Великий князь Русский (СИ) - Соболев Николай "Д. Н. Замполит"
— Ветер будет, Бог даст, до берега добежим, а там укроемся.
В снастях пронзительно завывали холодные вихри, лодьи и кочи у вымолов скрипели, терлись бортами, но отваливали один за другим. Из бухты выгребли на веслах, а за мысом, в Кислой губе, развернули паруса.

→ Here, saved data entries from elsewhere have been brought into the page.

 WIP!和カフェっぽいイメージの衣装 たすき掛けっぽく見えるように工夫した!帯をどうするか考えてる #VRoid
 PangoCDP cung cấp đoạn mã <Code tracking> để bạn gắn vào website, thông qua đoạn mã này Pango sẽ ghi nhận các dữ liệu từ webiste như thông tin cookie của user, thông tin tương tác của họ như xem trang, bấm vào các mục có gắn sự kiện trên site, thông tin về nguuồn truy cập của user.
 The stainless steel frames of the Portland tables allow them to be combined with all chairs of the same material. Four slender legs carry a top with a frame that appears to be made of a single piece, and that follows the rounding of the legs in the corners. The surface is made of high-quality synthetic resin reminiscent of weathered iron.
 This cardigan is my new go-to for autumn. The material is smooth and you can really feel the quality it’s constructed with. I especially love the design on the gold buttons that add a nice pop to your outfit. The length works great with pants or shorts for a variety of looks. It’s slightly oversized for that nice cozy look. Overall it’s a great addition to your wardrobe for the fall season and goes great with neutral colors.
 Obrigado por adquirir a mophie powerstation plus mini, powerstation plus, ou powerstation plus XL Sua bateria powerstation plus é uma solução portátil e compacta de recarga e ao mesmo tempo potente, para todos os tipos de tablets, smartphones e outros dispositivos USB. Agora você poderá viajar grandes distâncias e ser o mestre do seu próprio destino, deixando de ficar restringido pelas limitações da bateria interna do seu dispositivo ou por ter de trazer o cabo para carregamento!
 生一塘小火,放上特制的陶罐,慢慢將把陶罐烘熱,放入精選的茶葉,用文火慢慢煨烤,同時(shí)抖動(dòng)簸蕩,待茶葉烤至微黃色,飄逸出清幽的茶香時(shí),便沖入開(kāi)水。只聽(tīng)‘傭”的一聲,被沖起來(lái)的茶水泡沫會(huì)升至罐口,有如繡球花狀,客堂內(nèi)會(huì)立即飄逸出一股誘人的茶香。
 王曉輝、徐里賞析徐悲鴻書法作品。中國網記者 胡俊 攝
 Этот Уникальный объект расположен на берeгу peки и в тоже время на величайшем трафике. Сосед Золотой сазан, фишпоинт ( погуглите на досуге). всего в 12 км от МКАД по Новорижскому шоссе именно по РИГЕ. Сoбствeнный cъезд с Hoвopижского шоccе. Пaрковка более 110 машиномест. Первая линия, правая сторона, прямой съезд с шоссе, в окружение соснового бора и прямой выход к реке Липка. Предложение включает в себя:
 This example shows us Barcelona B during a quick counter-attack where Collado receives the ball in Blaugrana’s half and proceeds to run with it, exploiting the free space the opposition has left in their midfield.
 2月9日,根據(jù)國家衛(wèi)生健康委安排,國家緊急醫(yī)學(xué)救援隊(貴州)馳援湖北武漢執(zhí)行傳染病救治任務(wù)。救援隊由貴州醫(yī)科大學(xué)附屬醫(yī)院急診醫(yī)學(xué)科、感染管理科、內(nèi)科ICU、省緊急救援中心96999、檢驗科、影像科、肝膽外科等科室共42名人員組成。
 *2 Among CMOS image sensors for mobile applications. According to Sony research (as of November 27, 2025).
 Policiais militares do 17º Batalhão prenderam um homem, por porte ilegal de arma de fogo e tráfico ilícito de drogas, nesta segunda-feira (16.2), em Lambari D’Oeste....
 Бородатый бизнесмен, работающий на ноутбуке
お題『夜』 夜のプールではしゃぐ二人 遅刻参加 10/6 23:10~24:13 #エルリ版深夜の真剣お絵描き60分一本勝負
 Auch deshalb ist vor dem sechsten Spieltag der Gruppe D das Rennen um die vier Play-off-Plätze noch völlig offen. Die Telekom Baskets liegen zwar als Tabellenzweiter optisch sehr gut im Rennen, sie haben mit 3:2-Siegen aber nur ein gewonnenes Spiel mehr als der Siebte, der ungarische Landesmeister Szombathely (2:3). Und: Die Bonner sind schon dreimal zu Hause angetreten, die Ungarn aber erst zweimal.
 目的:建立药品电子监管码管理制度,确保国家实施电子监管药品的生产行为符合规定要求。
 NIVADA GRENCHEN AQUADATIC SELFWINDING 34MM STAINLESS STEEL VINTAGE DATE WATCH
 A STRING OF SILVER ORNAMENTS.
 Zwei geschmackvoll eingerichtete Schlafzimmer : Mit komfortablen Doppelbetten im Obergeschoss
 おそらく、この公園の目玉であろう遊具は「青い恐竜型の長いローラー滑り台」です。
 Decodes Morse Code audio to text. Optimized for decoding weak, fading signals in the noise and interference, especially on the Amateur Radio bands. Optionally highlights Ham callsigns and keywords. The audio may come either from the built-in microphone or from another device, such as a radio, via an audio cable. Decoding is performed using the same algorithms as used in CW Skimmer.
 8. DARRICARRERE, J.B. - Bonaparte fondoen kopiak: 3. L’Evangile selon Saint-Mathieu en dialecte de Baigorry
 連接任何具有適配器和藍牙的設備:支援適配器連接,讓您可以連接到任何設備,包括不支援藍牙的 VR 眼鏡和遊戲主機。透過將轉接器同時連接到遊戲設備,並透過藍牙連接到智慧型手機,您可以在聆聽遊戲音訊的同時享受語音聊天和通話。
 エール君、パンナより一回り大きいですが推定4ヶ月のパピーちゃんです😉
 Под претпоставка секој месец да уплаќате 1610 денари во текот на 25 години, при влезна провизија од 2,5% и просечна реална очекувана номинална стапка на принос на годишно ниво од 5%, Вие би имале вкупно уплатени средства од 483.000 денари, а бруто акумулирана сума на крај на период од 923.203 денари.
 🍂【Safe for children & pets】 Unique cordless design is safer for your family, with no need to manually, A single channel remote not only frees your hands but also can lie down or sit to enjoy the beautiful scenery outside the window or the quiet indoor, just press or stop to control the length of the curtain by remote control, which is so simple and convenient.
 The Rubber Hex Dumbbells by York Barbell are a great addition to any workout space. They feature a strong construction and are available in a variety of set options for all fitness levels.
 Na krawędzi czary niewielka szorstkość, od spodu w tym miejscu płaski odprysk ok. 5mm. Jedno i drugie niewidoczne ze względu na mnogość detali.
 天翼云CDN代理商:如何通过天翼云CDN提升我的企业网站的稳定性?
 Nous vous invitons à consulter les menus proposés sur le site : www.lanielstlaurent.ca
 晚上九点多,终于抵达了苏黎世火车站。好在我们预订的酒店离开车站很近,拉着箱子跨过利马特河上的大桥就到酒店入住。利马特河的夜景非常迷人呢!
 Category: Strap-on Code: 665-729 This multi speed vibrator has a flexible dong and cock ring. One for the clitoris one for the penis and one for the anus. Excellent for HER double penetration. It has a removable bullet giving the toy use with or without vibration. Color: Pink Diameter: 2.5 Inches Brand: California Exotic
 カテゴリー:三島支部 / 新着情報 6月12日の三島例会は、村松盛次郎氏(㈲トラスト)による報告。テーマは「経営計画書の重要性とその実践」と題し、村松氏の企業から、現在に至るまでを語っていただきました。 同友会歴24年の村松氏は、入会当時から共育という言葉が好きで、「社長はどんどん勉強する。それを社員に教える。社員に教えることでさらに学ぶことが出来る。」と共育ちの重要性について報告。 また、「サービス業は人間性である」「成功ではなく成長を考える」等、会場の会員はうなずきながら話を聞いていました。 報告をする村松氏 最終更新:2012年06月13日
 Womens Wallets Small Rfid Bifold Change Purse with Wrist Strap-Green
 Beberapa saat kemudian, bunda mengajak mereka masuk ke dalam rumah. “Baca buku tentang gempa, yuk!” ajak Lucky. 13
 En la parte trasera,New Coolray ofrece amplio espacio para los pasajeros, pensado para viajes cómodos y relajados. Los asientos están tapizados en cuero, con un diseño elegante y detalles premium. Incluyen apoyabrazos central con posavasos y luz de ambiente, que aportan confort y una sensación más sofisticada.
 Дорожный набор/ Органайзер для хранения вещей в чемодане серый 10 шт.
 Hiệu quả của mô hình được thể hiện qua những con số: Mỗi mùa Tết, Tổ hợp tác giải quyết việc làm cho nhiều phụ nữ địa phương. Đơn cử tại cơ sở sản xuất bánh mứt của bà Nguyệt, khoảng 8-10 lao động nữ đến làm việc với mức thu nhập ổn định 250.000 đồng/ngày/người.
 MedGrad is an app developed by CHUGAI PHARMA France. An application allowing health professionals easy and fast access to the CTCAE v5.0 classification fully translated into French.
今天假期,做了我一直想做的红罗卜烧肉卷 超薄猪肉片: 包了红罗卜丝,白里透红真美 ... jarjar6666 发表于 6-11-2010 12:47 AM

Илюха стоял за спиной у Елисея и грыз огромный ржаной сухарь — с утра ни росинки маковой во рту не было.
Может, потому его и не вывернуло, когда началась болтанка.
Било и бросало их всю дорогу до Онежского берега, Елисей только посмеивался да поглубже натягивал шапку из тюленьей кожи, чтоб не сдуло ненароком. Но то были еще цветочки, ягодки начались за мысом Ухтанаволок. Двинская губа встретила такими волнами, что Илюха оробел — как стены городовые!
Но Елисей твердо правил на восход, куда гнал караван суровый попутный ветер. Головня только держался покрепче — все скрипит, трещит, будто лодья сей же час развалится. Каждый бросок в яму меж валами, когда дух уходил в пятки, а страх сжимал горло, Илюха молил пресвятого Николу, покровителя моряков, о спасении. Елисей же, крепко расставив ноги в высоченных, до середины бедра, рыбацких сапогах, в застегнутом под горло кафтанце из шкур морского зверя, всей силой наваливался на рулевое весло и ругательски ругал морскую непогоду.
— Не сиди, воду отливай! — рявкнул Груздь сомлевшему было Илье.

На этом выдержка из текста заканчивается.